* _What this task involves_
The answer is to be the data that follows, transcribed exactly, minus its pictures.

[Collection entries]
□ □ □ □ □ □ □
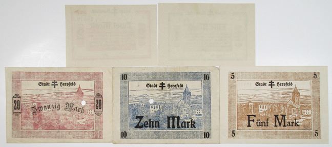 Germany. 1918, Stadt Hersfeld, Lot includes a quintet of 1, 2, 5, 10, and 20 Mark Notgeld, some voided with POC others with "UngÙltig" handstamp. Fine to XF. (5)
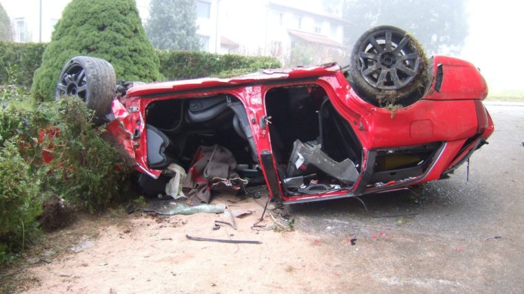 Gemäss den bisherigen Erkenntnissen der Polizei Basel-Landschaft war ein 20-jähriger, in der Region wohnhafter Schweizer mit seinem stark motorisierten Personenwagen in Fahrtrichtung Brislach-Dorf unterwegs. In einer Linkskurve geriet das Fahrzeug aus noch nicht restlos geklärten Gründen rechts über den Fahrbahnrand hinaus, prallte dort zunächst heftig auf einen grossen Stein (welcher mehrere Meter wegkatapultiert wurde), hob ab, durchbrach einen Tujahag, überschlug sich, prallte gegen eine Hauswand und kam schliesslich auf dem Dach liegend im Bachmattweg zum Stillstand.
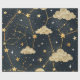 Mystical constellation pattern wrapping paper featuring golden stars, celestial lines, and dreamy clouds across a dark night sky background. Ideal for astrology lovers, stargazers, astronomy fans, spiritual seekers, and anyone who loves cosmic and celestial style.
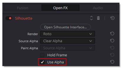 Note: When Silhouette is applied in the Edit tab, only one input can be used. An optional source can only be input into Silhouette through the Resolve > Color tab.
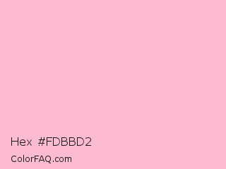 Hex #fdbbd2 Color is a very light rose color and the nearest color is Cotton Candy #ffb7d5. Hex code #fdbbd2 and RGB value is rgb(253,187,210). In RGB color space, this color is composed of 99% red, 73% green, 82% blue, In CMYK color space, this color is composed of 0% cyan, 26% magenta, 17% yellow , 1% black , In HSL color space, this color has a hue angle of 339° , 94% saturation and 86% lightness.
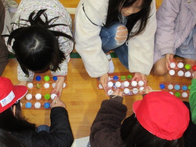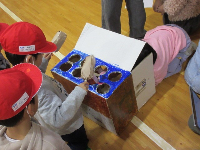 2年生が生活科の学習でさまざまな遊びを考えて準備をし、今日は1年生を招待しました。店員役の児童がやってきた1年生にルールを説明するところから始めます。1年生は、2年生のアドバイスを取り入れながら目一杯楽しんでいました。1年生が楽しんでいる様子を見て、2年生は一回り大きく成長している実感しました。今後もこのような隣接学年での関わりを大切にしてほしいと思いました。
□ □ □ □ □ □ □
* _Response_
 Germany. 1918, Stadt Hersfeld, Lot includes a quintet of 1, 2, 5, 10, and 20 Mark Notgeld, some voided with POC others with "UngÙltig" handstamp. Fine to XF. (5)
 Gemäss den bisherigen Erkenntnissen der Polizei Basel-Landschaft war ein 20-jähriger, in der Region wohnhafter Schweizer mit seinem stark motorisierten Personenwagen in Fahrtrichtung Brislach-Dorf unterwegs. In einer Linkskurve geriet das Fahrzeug aus noch nicht restlos geklärten Gründen rechts über den Fahrbahnrand hinaus, prallte dort zunächst heftig auf einen grossen Stein (welcher mehrere Meter wegkatapultiert wurde), hob ab, durchbrach einen Tujahag, überschlug sich, prallte gegen eine Hauswand und kam schliesslich auf dem Dach liegend im Bachmattweg zum Stillstand.
 Mystical constellation pattern wrapping paper featuring golden stars, celestial lines, and dreamy clouds across a dark night sky background. Ideal for astrology lovers, stargazers, astronomy fans, spiritual seekers, and anyone who loves cosmic and celestial style.
 Note: When Silhouette is applied in the Edit tab, only one input can be used. An optional source can only be input into Silhouette through the Resolve > Color tab.
 Hex #fdbbd2 Color is a very light rose color and the nearest color is Cotton Candy #ffb7d5. Hex code #fdbbd2 and RGB value is rgb(253,187,210). In RGB color space, this color is composed of 99% red, 73% green, 82% blue, In CMYK color space, this color is composed of 0% cyan, 26% magenta, 17% yellow , 1% black , In HSL color space, this color has a hue angle of 339° , 94% saturation and 86% lightness.
 2年生が生活科の学習でさまざまな遊びを考えて準備をし、今日は1年生を招待しました。店員役の児童がやってきた1年生にルールを説明するところから始めます。1年生は、2年生のアドバイスを取り入れながら目一杯楽しんでいました。1年生が楽しんでいる様子を見て、2年生は一回り大きく成長している実感しました。今後もこのような隣接学年での関わりを大切にしてほしいと思いました。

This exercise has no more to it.